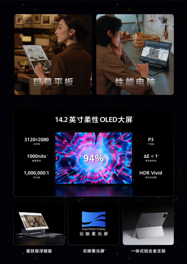 华为 MatePad Edge 搭载了一块 14.2 英寸的柔性 OLED 屏幕,采用 3.1K(3120 x 2080)高分辨率,支持 120Hz 高刷新率,屏占比高达 94%,边框仅为 4.1mm;为了解决办公场景下的反光与护眼问题,该屏幕采用了云晰柔光屏技术,结合纳米蚀刻与纳米磁控增透技术,有效消除了屏幕闪点,并获得了德国莱茵 TÜV Eye Comfort 3.0 认证。
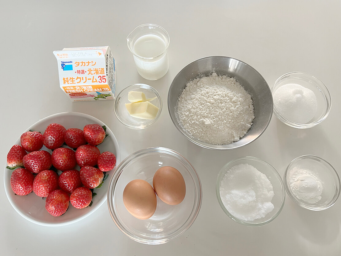 【C】のフルーツは好みのものでよいとのことなので、いちごを用意しました。野望は大きく、ショートケーキをイメージしています。
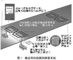 1、利用物聯網技術實時監測輸送帶的撕裂故障。裝有物料的輸送帶在調整運行中,要檢測它什么地方被撕跛了,或者有裂紋等是非常困難的。因此,有必要開發一種輸送帶的線圈防撕裂系統,如圖2所示,它包括了植入輸送帶的線圈、探頭、控制器、RFID芯片和RFID的識別器等。通過探頭可監測到線圈的脈沖信號,將檢測到的脈沖信號收集起來,用以判斷輸送帶是否發生撕裂故障然后將分析結果和圖像傳到控制室監控的屏幕上,便于及時地修整,維護,減少損失。

**Required work**.
Your answer should reproduce every line of the data verbatim and include no images.

**Result of this task**.
 华为 MatePad Edge 搭载了一块 14.2 英寸的柔性 OLED 屏幕,采用 3.1K(3120 x 2080)高分辨率,支持 120Hz 高刷新率,屏占比高达 94%,边框仅为 4.1mm;为了解决办公场景下的反光与护眼问题,该屏幕采用了云晰柔光屏技术,结合纳米蚀刻与纳米磁控增透技术,有效消除了屏幕闪点,并获得了德国莱茵 TÜV Eye Comfort 3.0 认证。
 【C】のフルーツは好みのものでよいとのことなので、いちごを用意しました。野望は大きく、ショートケーキをイメージしています。
 1、利用物聯網技術實時監測輸送帶的撕裂故障。裝有物料的輸送帶在調整運行中,要檢測它什么地方被撕跛了,或者有裂紋等是非常困難的。因此,有必要開發一種輸送帶的線圈防撕裂系統,如圖2所示,它包括了植入輸送帶的線圈、探頭、控制器、RFID芯片和RFID的識別器等。通過探頭可監測到線圈的脈沖信號,將檢測到的脈沖信號收集起來,用以判斷輸送帶是否發生撕裂故障然后將分析結果和圖像傳到控制室監控的屏幕上,便于及時地修整,維護,減少損失。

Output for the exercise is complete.